Crucially, said Mary Williamson, research engineering manager at Facebook AI Research (FAIR), while Tay is designed to learn from user interactions in real time, BlenderBot is a static model. That means it is able to remember what users say in a conversation (and will even save this information via browser cookies if a user leaves the program and returns later), but this data will only be used to further improve the system.

“It’s just my personal opinion, but that” [Tay] episode is relatively unfortunate, because it created this chatbot winter where every institution was afraid to turn off public chatbots for investigation,” Williamson tells WebMD. The edge.

Williamson says most chatbots in use today are narrow and task-oriented. For example, consider customer service bots, who often simply present users with a pre-programmed dialogue tree, refining their query before handing it over to a human agent who can actually get the job done.

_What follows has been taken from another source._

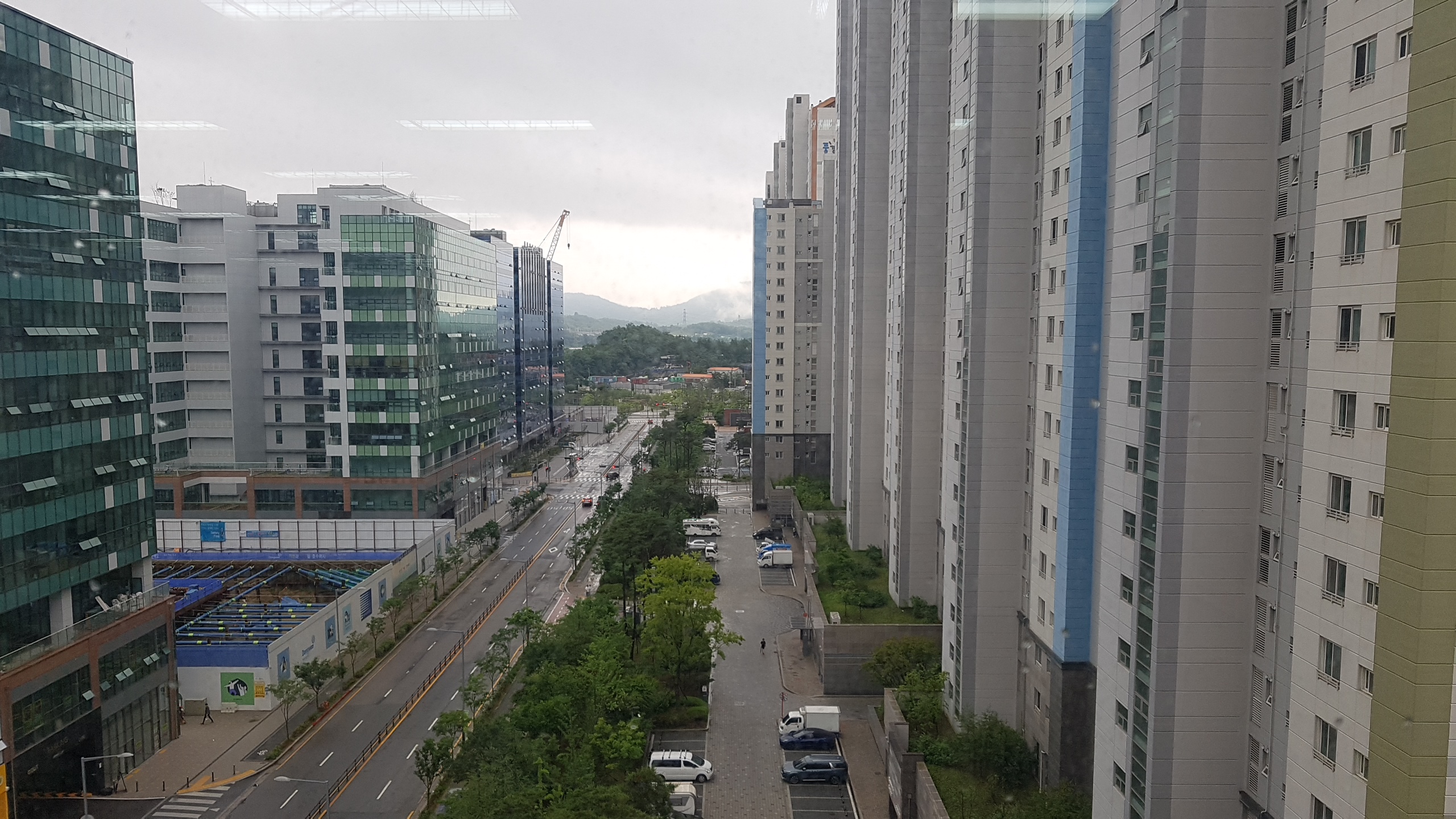 보호자 대기석 창가에서 바라본 전경이다. 좌측으로 우성테크노파크 등 지식산업센터, 우측으로 옥길 제이드카운티1단지가 한눈에 들어온다. 저 멀리 뒤편으로 보이는 산이 광명 도덕산 또는 구름산이다. 창밖의 풍경을 바라보는 즐거움이 있다. 한강뷰까지는 아니어도, 이 정도면 옥길에서 제법 괜찮은 뷰다. 나중에 광명시흥 3기 신도시로 이어지는 도로가 될 수도 있다. 문득 시흥광명 3기신도시는 계획대로 잘 진행되고 있는지 궁금하다.

The real prize is building a system that can have a conversation as free and natural as a human’s, and Meta says the only way to achieve this is to let bots have free and natural conversations.

“This lack of tolerance for bots saying useless things, in the broad sense of it, is unfortunate,” Williamson says. “And what we’re trying to do is release this in a very responsible way and move the research forward.”

In addition to putting BlenderBot 3 on the web, Meta is also publishing the underlying code, training dataset and smaller model variants. Researchers can request access to the largest model, which has 175 billion parameters, via a form here.